As if we needed a study to confirm this.
A new study by the media-research firm Nielsen Co.
confirms what you may have expected about the St. Louis Rams. Not only does no one in St. Louis care about the team but neither does a national audience.
The study specifically looked at last year's season and measured the following factors for all 32 NFL teams: local and national TV rankings, mentions on the Internet and visits to the teams official website. St. Louis earned an index sum of 22 points -- 78 lower than the No. 1 team in the Dallas Cowboys.
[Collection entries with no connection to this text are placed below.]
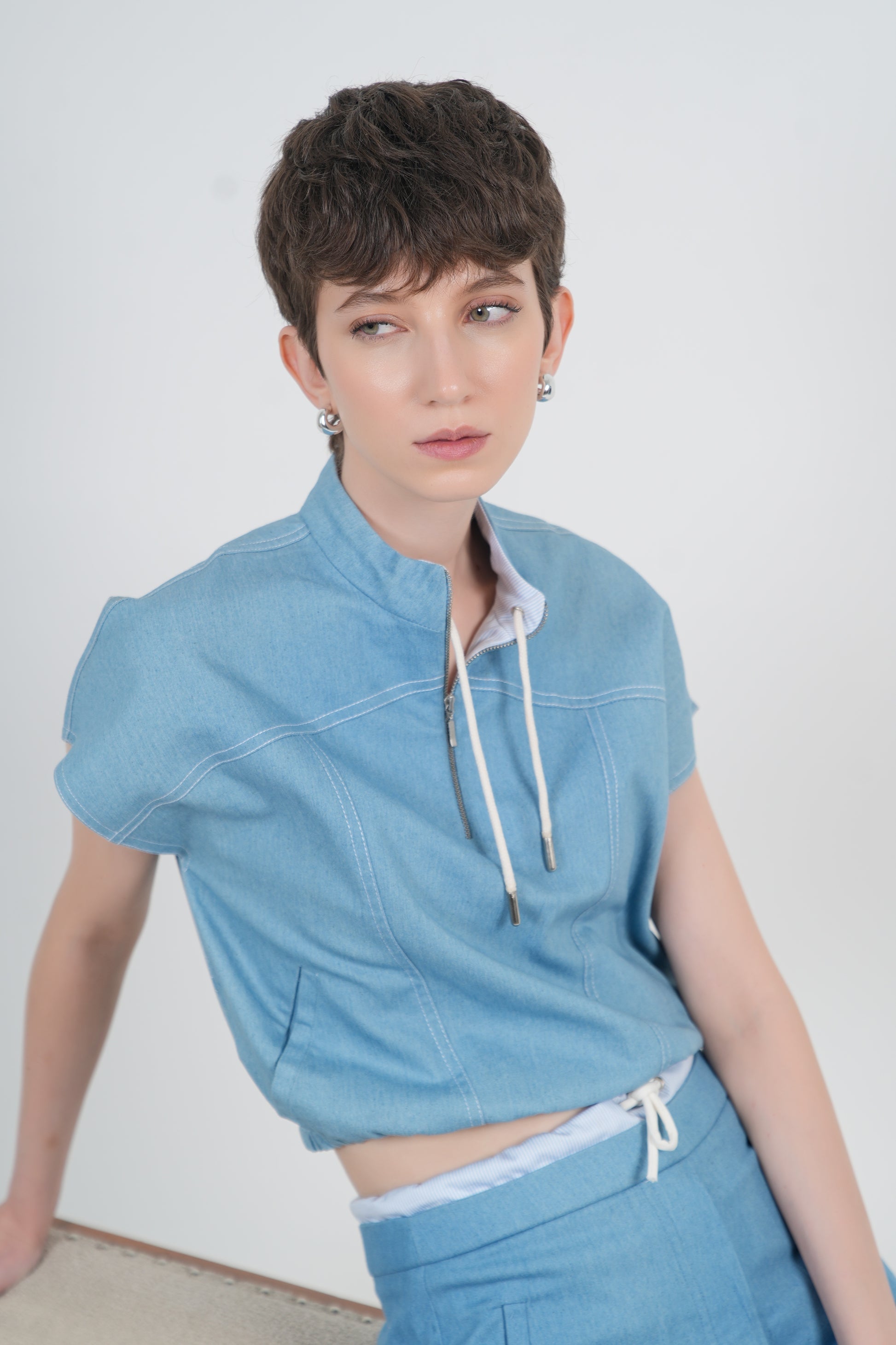 -DETAILS: HALF ZIP OPENING WITH STRIPE COLLAR DETAIL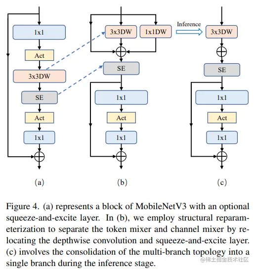 这块主要是对 MobileNetV3-L 的块结构进行了改进,分离了令牌混合器和通道混合器。原来的 MobileNetV3 块结构包含一个 1x1 扩张卷积,然后是一个深度卷积和一个 1x1 的投影层,然后通过残差连接连接输入和输出。在此基础上,RepViT 将深度卷积提前,使得通道混合器和令牌混合器能够被分开。为了提高性能,还引入了结构重参数化来在训练时为深度滤波器引入多分支拓扑。最终,作者们成功地在 MobileNetV3 块中分离了令牌混合器和通道混合器,并将这种块命名为 RepViT 块。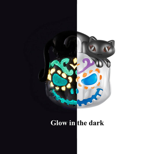 Glow-in-the-dark Black Cat Pumpkin Lantern Sterling Silver Charm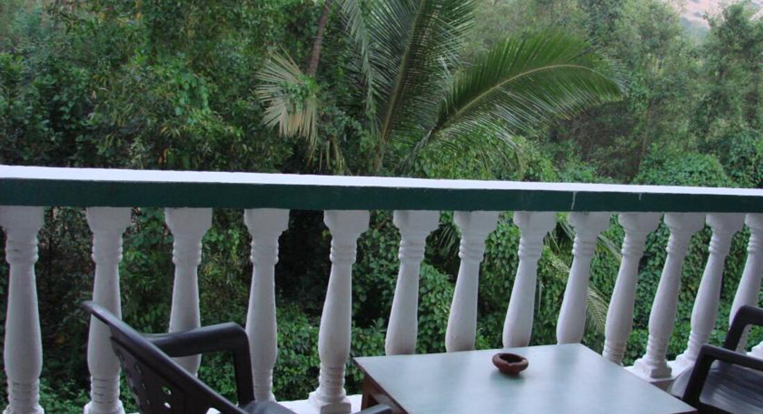 2 этаж Делюкс. Кровать тумба столик шкаф. Имеет собственный балкончик с обратной стороны отеля. Вид с балкона ниочём - просто заросли и свалка (как везде в Индии).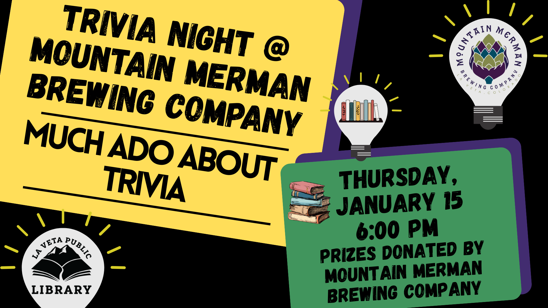 “To read or not to read? That is NOT the question!” – Join La Veta Public Library at Mountain Merman Brewing Company for an enchanting evening of Much Ado About Trivia! No electronic devices allowed—this will result in immediate team disqualification. There is no charge to participate in trivia. Great prizes donated by Mountain Merman Brewery! Want to host a library event at your business? We want to hear from you! info@lvpl.org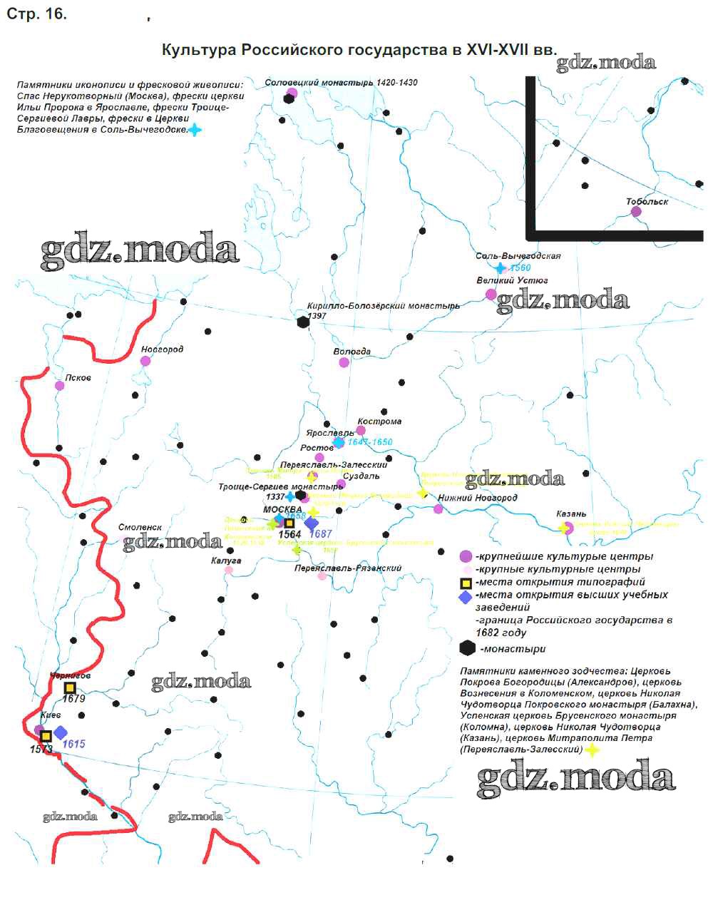 ГДЗ решение к заданию № 16 История 7 класс контурные карты Тороп В.В. Дрофа 2020 ФГОС бесплатно на гдз.мода!

News of the study didn't surprise Rams officials. "When you've won as much as we have recently, it's not surprising," Kevin Demoff, the Rams v.p. of football operations told the Wall Street Journal
Of course, like any study, this one has its flaws. For one, it automatically favors winning teams that are more likely to be televised nationally and attract bigger audiences. Two, teams from bigger cities -- Chicago, New York and Boston -- are bound to attract larger local viewers no matter their W-L records. Also, the study only took into account just one year's worth of data.
Still, as the Journal
reported yesterday, a less-scientific study over the past two decades suggests the Rams have remained unpopular for decades. Since 1992 a company called Harris Interactive has asked fans to name their favorite teams. The Rams have routinely scored in the bottom five of all teams.
Perhaps, we'll do better this year if we can string together more than just one or two wins. As Marshall Faulk told the Journal
yesterday, "everybody in the city loved us" back in the halcyon seasons of 1999 and 2001.